---------- Data supplied ----------

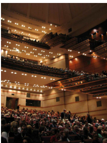
Sala Alexandra Trianti

Luna noiembrie a programat în Sala Alexandra Trianti a complexului Megaron din Capitala Greciei o serie de spectacole cu populara „Traviata”, având-o printre interpretele rolului titular, ca vedetă, pe renumita soprană Elena Moșuc, cea care a purtat personajul verdian în triumf peste tot în lume, îndeosebi prin prezențe memorabile pe marea scenă a teatrului Scala din Milano.
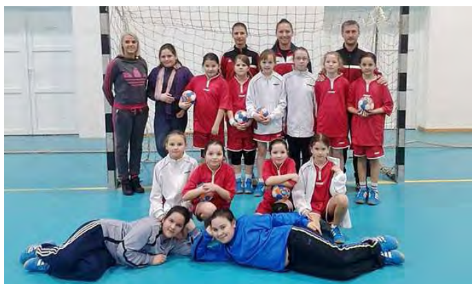
Kézilabda U 10
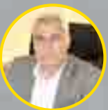
صمدر سولوی بنیس شرکت درنا شخصیت صنعت غذای سال ۱۳۹۷
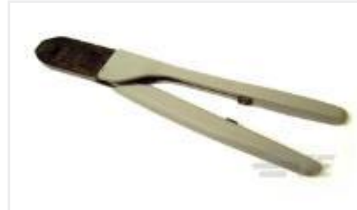
TE 产品编号91517-1 CCII FEMALE MOD IV REC 24-22 ASSY
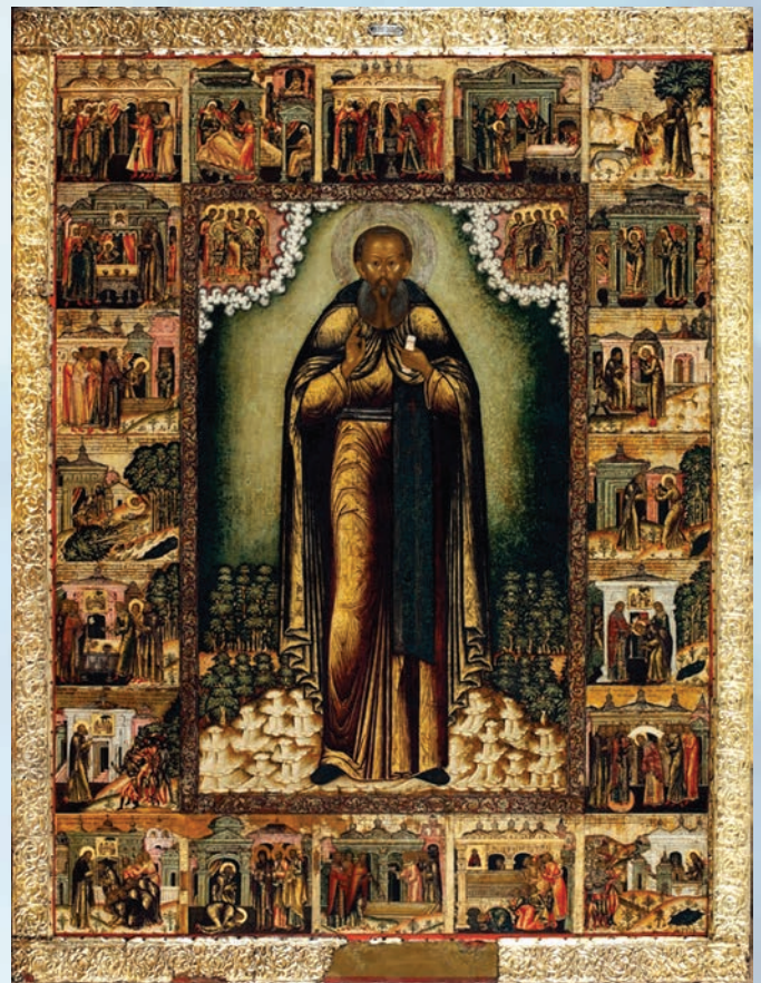
Преподобный Сергий Радонежский, с житием. Конец XVII в. Из церкви Сергия Радонежского. Павлока, левкас, темпера; оклад – серебро; басма

Интересна по исполнению написанная около 1669 года икона с образом святого Прокопия Устюжского с житием в 40 клеймах – вклад в Прокопьевский собор храмоздателя Афанасия Гусельникова. По желанию богатого заказчика вся огромная иконная доска была сплошь покрыта листочками сусального золота, по которому написаны миниатюры-клейма. Иконописец в мельчайших подробностях изобразил многострадальное житие и чудеса праведного Прокопия.
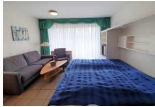
Das Schrankbett bietet Platz für 2 Personen.

----------

Action item: What is needed is an exact copy of the lines above, from the one holding "Kézilabda U 10" down to the one holding "Преподобный Сергий Радонежский, с", with those two included and the pictures left out.

Answer section:
Kézilabda U 10
صمدر سولوی بنیس شرکت درنا شخصیت صنعت غذای سال ۱۳۹۷
TE 产品编号91517-1 CCII FEMALE MOD IV REC 24-22 ASSY
Преподобный Сергий Радонежский, с житием. Конец XVII в. Из церкви Сергия Радонежского. Павлока, левкас, темпера; оклад – серебро; басма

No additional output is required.